Area di passaggio: ha natura di strada vicinale?

abito in una parte di un cascinale in cui c’e’ un cortile innanzi ad ogni casa in cui passo tutti i gg. per immettermi in una strada Comunale o Provinciale(ora dovrei verificare) , la parte iniziale in cui entro e’ stata trasformata da rurale (con ghiaia) a civile con asfalto. Ho chiesto in comune e mi e’ stato detto che la proprieta’ e’ comunque dei frontisti. Ora i frontisti ritengono che passandoci anche noi del cortile dietro 4/5 persone dobbiamo contribuire alla manutenzione dell’asfalto che deve essere rifatta ? – ma noi non siamo i proprietari , possiamo solo contribuire con un tanto alla spesa dico io magari 100,00 euro . Vorrebbero costituire un Consorzio e dividere tutto in millesimi a cui tutti dobbiamo contribuire , ma il consorzio lo debbono fare loro che sono i proprietari noi cosa centriamo ? e poi i millesimi ? cosa sono questi millesimi per noi che ci dobbiamo passare solo. Il carro dell’immondizia , il postino ecc.. hanno il transito, e il Comune ?

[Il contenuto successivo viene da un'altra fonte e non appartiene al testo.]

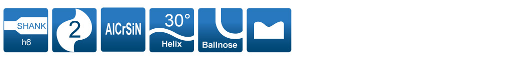 7 mm. 2-skærs belagt radius fræser i hårdmetal for fræsning op til 48 HRC.

Bisogna verificare con il maggior approfondimento possibile per prima cosa la natura giuridica dell’area di passaggio o strada in questione.

In particolare, va chiarito se trattasi di un’area privata e basta, sulla quale eventualmente ci sono dei diritti di servitù di passaggio, che però hanno natura sempre privata, oppure se ci sono anche posizioni di natura pubblicistica, come diritto di uso pubblico, segnatamente di transito, o se addirittura l’area interessata ha natura di strada vicinale, per un approfondimento sulla quale ti rimando all’apposita scheda.

Se i comproprietari parlano di consorzio, può essere proprio che la strada abbia natura vicinale, perché è in questi casi che è appunto prevista la costituzione di un consorzio di gestione con divisione delle spese in millesimi.

La strada, tuttavia, dovrebbe essere inclusa nell’elenco comunale, come spieghiamo meglio nelle scheda già richiamata.

Una volta chiarita la natura della strada, bisognerà valutare la posizione di chi sulla stessa esercita un diritto corrispondente al passaggio.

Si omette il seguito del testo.